Paylaş
Çağdaş Türk mimarisinin önde gelen ismi Hayati Tabanlıoğlu. Türkiye’ye anıtsal değerli eserler bırakmış bir mimar. 1927-1984 yılları arasına sığan bir yaşamın kahramanı. Yıllarca bürokrasinin çarkları arasında boğuşmuş bir mimar. Asla geri adım atmamış. Üstlendiği her projeyi hayata geçirebilmek için savaş vermiş eşsiz bir tartışmacı. Onun eseri Atatürk Havalimanı eski dış hatlar binası. Bir yıldız şeklinde. Aslında onun çizimlerinde dört yıldız var.
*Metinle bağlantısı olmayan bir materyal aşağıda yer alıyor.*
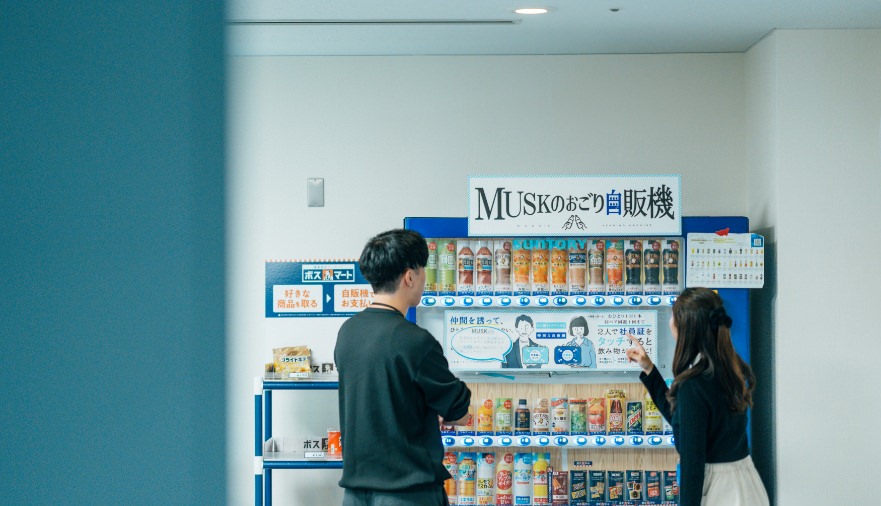 二人で一緒に社員証をかざすと、1日1回無料で飲み物やお菓子、アイスがもらえる特別な自販機です。「自販機に行かない?」など、新しい交流が生まれています。
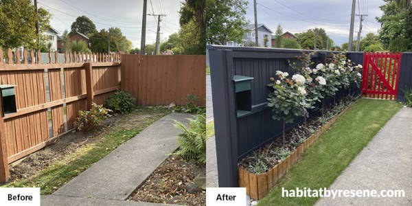 Sally decided the front gate of her home needed spicing up. She wanted a dark colour, but didn’t want it to be completely black so opted for Resene Double Foundry as it has a slight blue tinge. For an added burst of colour she painted her fence in bright red Resene Jalapeno.
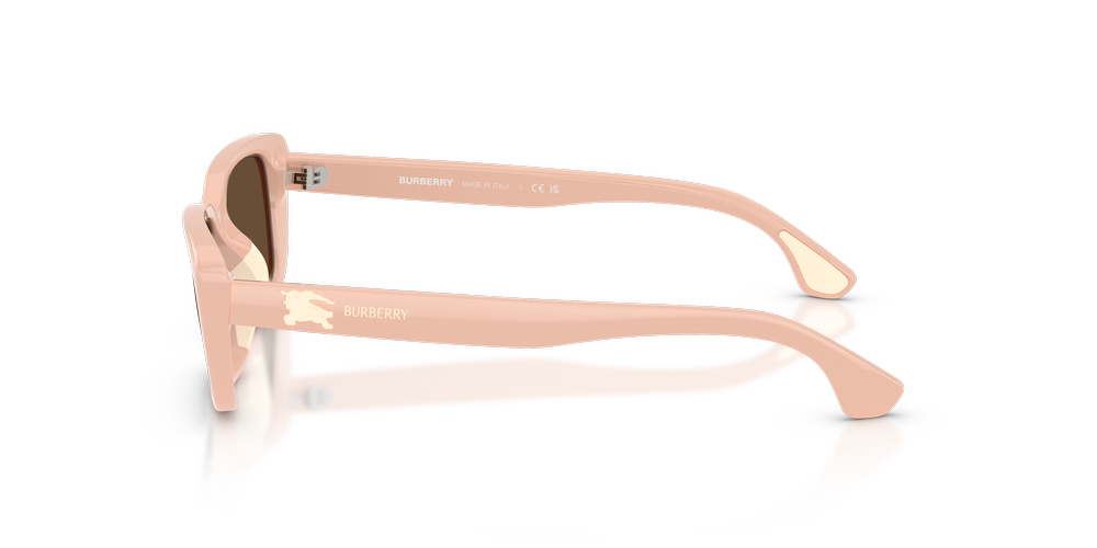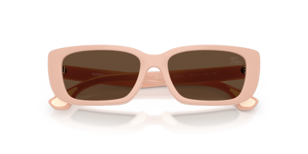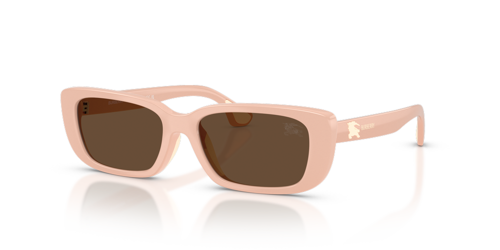 Made for style and comfort, the Burberry JB4006U sunglasses feature sleek rectangular frames crafted from lightweight bio-nylon. The pink frame front is paired with classic brown lenses for a polished look. A rubber Equestrian Knight Design and printed Burberry logo at the temples add a premium touch, while soft rubber pads ensure lasting ease. Perfect for kids who appreciate timeless elegance, these Burberry sunglasses are ideal childrens sunglasses for every occasion.
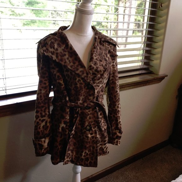 Size S leopard print jacket. Length of jacket from shoulder is approx 28". Double breasted and belted. Hardly worn.
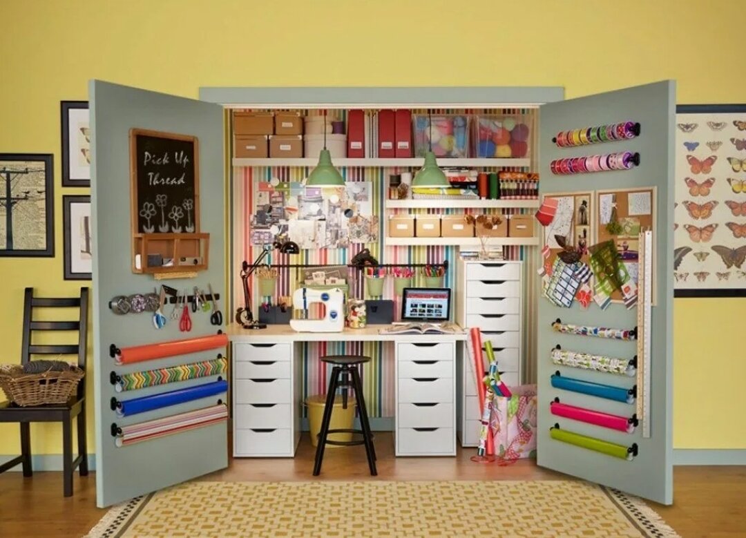Рукоделие или бардак? Да с такой проблемой я столкнулась, пока творила свои поделочки вокруг меня были и обрезки ткани и нитки, ножницы и пуговицы. Да чего там только не было всего и не перечислить, но выглядел этот творческий беспорядок ужасно. А когда пришло осознание того что мне это надо оставить в таком состоянии на пару дней вот тут я испытала шок. И поняла одну очень важную мысль, которой и хочу с вами поделиться. Творческий процесс требует не только времени, но и своего места. Так как все эти мелкие детали: ниточки различных оттенков, бусинки, пуговки, и многие другие различные материалы, которые нам жизненно необходимы для творчества. И если мы не позаботится об этом то в скорее весь наш дом будет захломлен этими лоскуточками, ленточками и бог ещё знает чем. Поэтому нужно определиться с выбором места, так как за секунду ни чего не делается и нужно учитывать, что так же понадобятся перерывы для отдыха. Да и удобнее взять нужную деталь из определённого мест
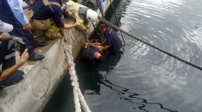 Olay yerine gelen itfaiye ekipleri denizdeki adamı gemi halatına sararak vatandaşların da yardımı ile sudan çıkardı.
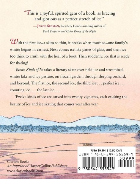 With the first ice-a skim on a sheep pail so thin, it breaks when touched-one family's winter begins in earnest. Next comes ice like panes of glass. And eventually, skating ice! Take a literary skate over field ice and streams, through sleeping orchards and beyond. The first ice, the second ice, the third ice . . . perfect ice . . . the last ice . . . Twelve kinds of ice are carved into twenty nostalgic vignettes, illustrated in elegantly scratched detail by the award-winning Barbara McClintock.
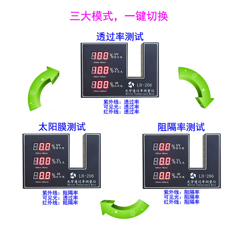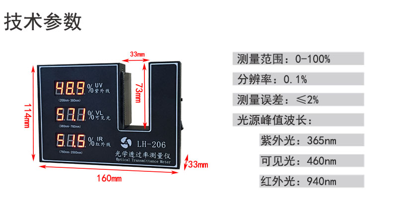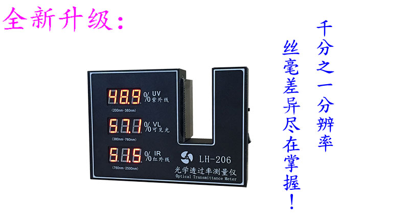 LH-206 是一款高精度光学透过率测量仪,专业用于测试玻璃、太阳膜、PVC等产品对于红外线、可见光和紫外线的透过率测量,同时也可用于其他透明材料的测量..
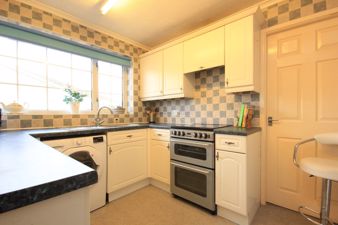 KITCHEN9' 0" x 8' 1" (2.75m x 2.47m) Fitted with a range of units in country cottage style white above and below areas of easy clean roll top work surface inset to which is a stainless steel sink with swan neck chrome mixer tap. It is fully tiled and there are facilities for either a gas or electric oven and plumbing for an automatic washing machine. Also fitted is a central heating radiator, an extractor hood, coving to the ceiling and a upvc double glazed Georgian window viewing to the side of the property.
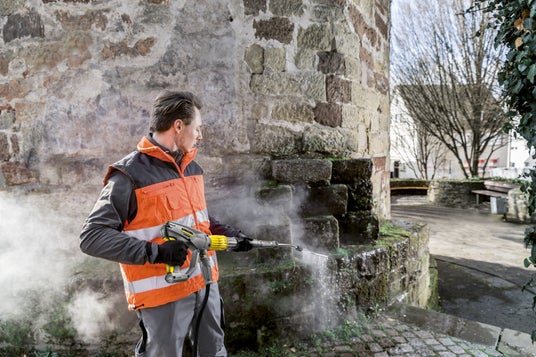 ケルヒャーの独自技術で開発した「温水除草システム(R)」。最高98℃の高温水を継続的に安定供給するボイラー、場所にあわせて均一な高温水を効率よく散布できる除草ノズルなど、様々な技術を活用。(2022年商標登録)
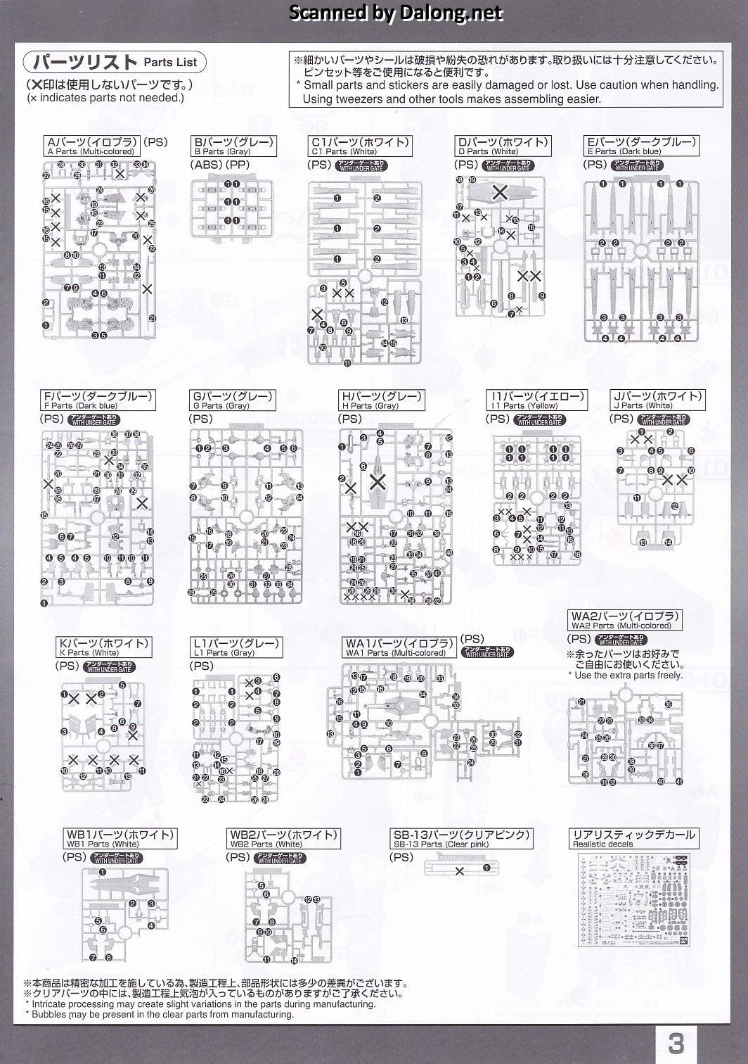 나머지 팔,다리,기본 무장의 부품도는 원본킷과 같습니다.
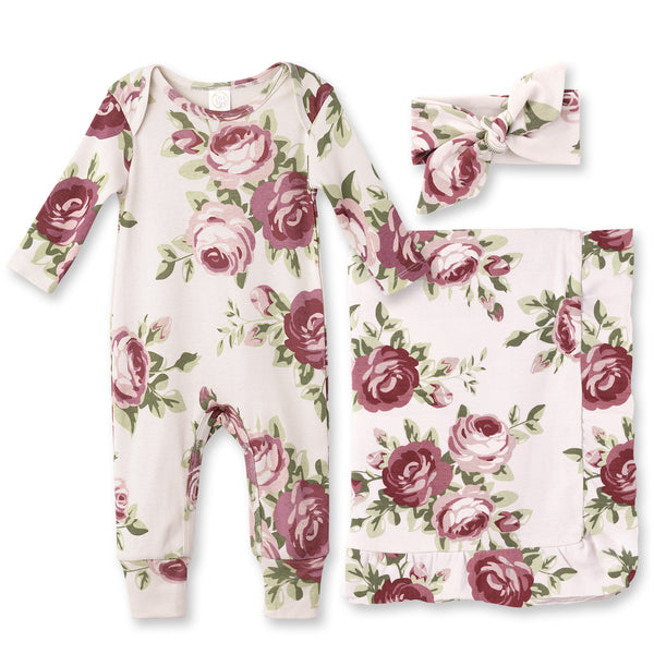 Vintage Blooms Bamboo Romper & Blanket Set
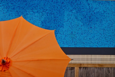 Swimming pool with orange color umbrella
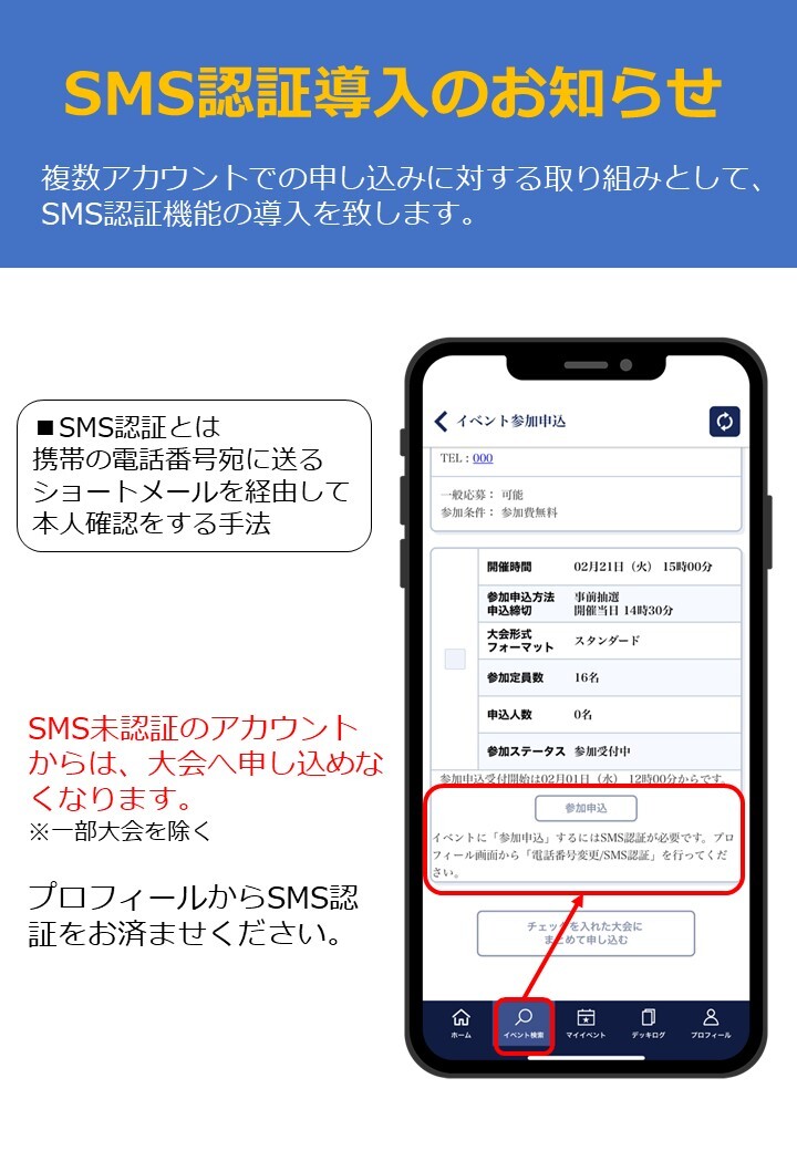 本大会はSMS認証が必要になります。お申し込みの際は合わせて登録をお済ませ下さい。
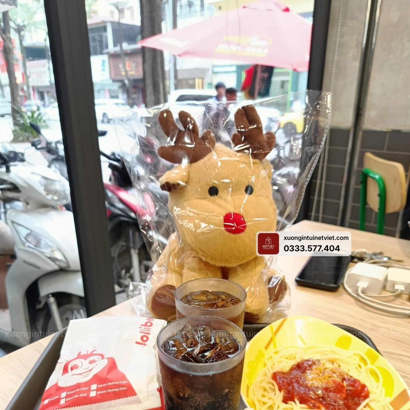 Tuần lộc bông Jolibee mã 2025 được thiết kế theo tinh thần vui tươi của mùa lễ hội, mang lại cảm giác ấm áp và thân thiện ngay từ cái nhìn đầu tiên. Dáng tuần lộc tròn trịa, đôi sừng mềm, gương mặt dễ thương và bảng màu Giáng Sinh khiến sản phẩm nổi bật trong mọi không gian trưng bày. Đây là mẫu quà tặng phù hợp cho trẻ nhỏ, khách hàng, đối tác hoặc dùng làm vật trang trí theo chủ đề noel.
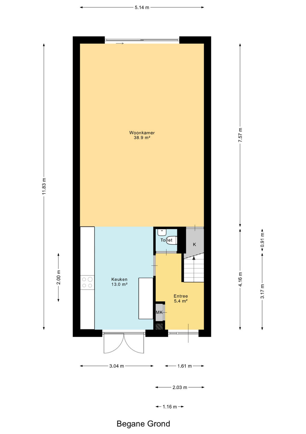 Via de gezellige voortuin betreed je de hal van de woning. Hier bevinden zich de meterkast en het toilet, en is er voldoende ruimte om jassen en schoenen op te bergen. Door de moderne stalen deur kom je binnen in de lichte woonkamer. Wat direct opvalt, is de grote schuifpui aan de achterzijde van de woning; deze zorgt voor een ruimtelijk gevoel en veel lichtinval.

Ama sadece biri gerçekleşebilmiş. 1969 yılında başlayan serüven 1984 yılına kadar sürmüş. Uluslararası İstanbul Atatürk Havalimanı, genel yerleşme planı, teknik blok ve kontrol kulesi, elektrik, enerji santralları, idare binası, yeni terminal binası, 1’inci ünitesi gibi çok geniş bir çalışma gerçekleşmiş.
OĞLUNUN İZNİ ALINDI
Sonunda Türkiye çok modern ve ilk kez köprüleri olan bir terminal binasına sahip olmuş. O yıllarda adı Yeşilköy Havalimanı olan bölge bir anda dünyanın dikkatini çekmiş. Aradan uzun yıllar geçtikten sonra TAV Havalimanları Holding 22 ayda yapının yanına yeni dış hatlar terminalini yaparak işletmeye aldı. Tabanlıoğlu’nun yaptığı bina ise yani yıldız yapısı iç hatlar olarak düzenlendi. Kendisi hayatta olmadığı için oğlu mimar Murat Tabanlıoğlu’nun izinleri ve denetimleri ile gerçekleşti.
TÜRKİYE’NİN ZENGİNLİĞİ
Şimdi bu bina aslında Türkiye’nin bir zenginliği. O yıllarda ilk kez kullanılan malzemeler, depreme dayanıklılığı, bakır olduğu için yeşermiş çatı kaplaması, geliş gidiş salonları. Bağlantı köprüleri ile eşsiz bir bina. Altına metro geliyor. Ulaşımı son derece kolay. Şimdi bu yapıyı bir havacılık müzesine çevirmek de çok kolay. Bu da bizim Smithsonian National Air gibi bir müzemiz olabilir. Yeşilköy Askeri Havalimanı içinde, ulaşımı zor, sapa bir noktada kalan müze buraya nakledilebilir. Ve gelişmenin başlangıcı için önemli bir zenginlik olur. İçine Türk havacılığına ait ne varsa yerleştirilebilir. Herkese cazip gelebilmesi için özel kabinli hareketli çok değişik uçakların simülatörleri konulabilir. Hem bir kültür hem de bir eğlence merkezi haline gelebilir. Önündeki apronlara ekonomik ömrünü tamamlamış Türk tescilli uçaklar konulabilir. Bina içinde tavana küçük eski uçaklar asılabilir. Ayrıca içinde havacılık ürünlerinin satıldığı geniş bir mağaza açılabilir. Otopark sorunu da olmayan bina yeniden doğar, yükselir ve kentin hafızasında eskimeyen yerini alır.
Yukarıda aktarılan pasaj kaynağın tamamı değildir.